Stocks close lower, falling below recent record highs

Stocks closed lower Thursday, pulling major indexes a bit further below the record highs they marked at the start of the week

TOKYO — Stocks closed lower Thursday, pulling major indexes a bit further below the record highs they marked at the start of the week. Investors continue to be focused on where the economy is headed as the pandemic wanes, and also on the latest company earnings reports. The S&P 500 index fell 0.3%. Technology and communications stocks were the biggest weights on the market. Banks, which have been reporting mostly solid financial results, also fell as bond yields headed lower. Investors also got a report from the Labor Department showing that jobless claims fell to another pandemic low.

THIS IS A BREAKING NEWS UPDATE. AP’s earlier story appears below.

Stocks fell Thursday, pulling major indexes a bit further below the record highs they marked at the beginning of the week. Investors continue to be focused on where the economy is headed as the pandemic wanes and also on the latest company earnings reports.

The S&P 500 index fell 0.6% as of 2:09 p.m. Eastern. The Dow Jones Industrial Average gave up an early gain, dropping 58 points, or 0.2%, to 34,873. The Nasdaq composite was down 1.1%. The S&P 500 is now down 0.5% for the week, while the the Nasdaq is down 1.5%.

Technology and communications stocks fell and were the biggest weight on the market. Banks, which have been reporting mostly solid financial results, fell as bond yields moved lower. That includes the 10-year Treasury note, a benchmark for interest rates on consumer loans. Lower interest rates make mortgages and other loans less profitable for banks.

The yield on the 10-year Treasury note fell to 1.30% from 1.35% the day before.

More companies are reporting their latest quarterly earnings. Progressive fell 2.7% after the insurance company’s results fell far short of analysts’ forecasts. Morgan Stanley dropped 0.7% despite reporting a 10% rise in quarterly profits from a year earlier.

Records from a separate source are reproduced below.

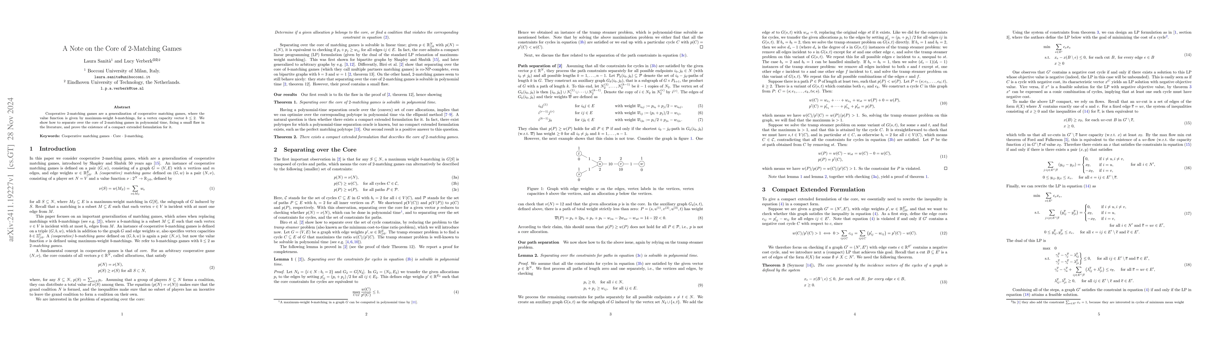 This paper addresses cooperative 2-matching games, presenting a polynomial-time method for separating over their core and correcting a previous flaw in the literature. It also proves the existence of a compact extended formulation for the game's core.
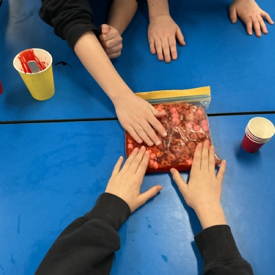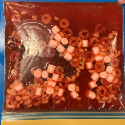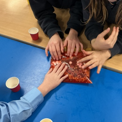 This week in Science, we looked at the role of blood in our body. We learnt that the red blood cells carry oxygen around our body, the white blood cells fight infection, platelets help heal our wounds, and the plasma helps transport all of those cells, plus nutrients, around our body. To help with our understanding, we made our own blood using water, food colouring, cereal and marshmallows to represent the different parts of blood. See if your child can tell you which is which!
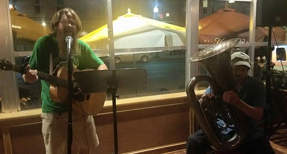 Another good night at the West End open mic – a three-song set with John Huckans on tuba. Have to Pee, from World Famous in Bloomsburg, Lights Went Out, from Dry Ridge, and Devil on the Wild Side, a mix of Walk on the Wild Side and Devil Went Down to Georgia that I crafted about twenty years ago. It sounds much better with the tuba.

A larger bulk of companies will start reporting next week, when earnings season gets into full swing.

American International Group, better known as AIG, rose 2.9% after the insurance company reached a deal with Blackstone Group to help manage some of its life insurance assets.

Investors are also trying to determine how the economic recovery will play out for the rest of the year as the world tries to get back to normal with COVID-19 waning, but still lingering.

“There’s a big question mark around COVID-19 shifting from an acute to a chronic condition for the global market,” said Rod von Lipsey, managing director at UBS Private Wealth Management.

While the virus and its variants aren’t likely to severely disrupt the economic recovery, expectations for a quick snapback have been stymied by persistent mutations, he said.

Traders also kept an eye on Washington, as Federal Reserve Chair Jerome Powell delivered his second day of testimony before Congress. Powell reiterated that signs of inflation should ease or reverse over time, while acknowledging that the U.S. is in the midst of an unparalleled economic reopening on the heels of a pandemic-induced recession.

Investors also got a report from the Labor Department showed that unemployment claims fell by 26,000 last week to 360,000, the lowest level since the pandemic struck last year.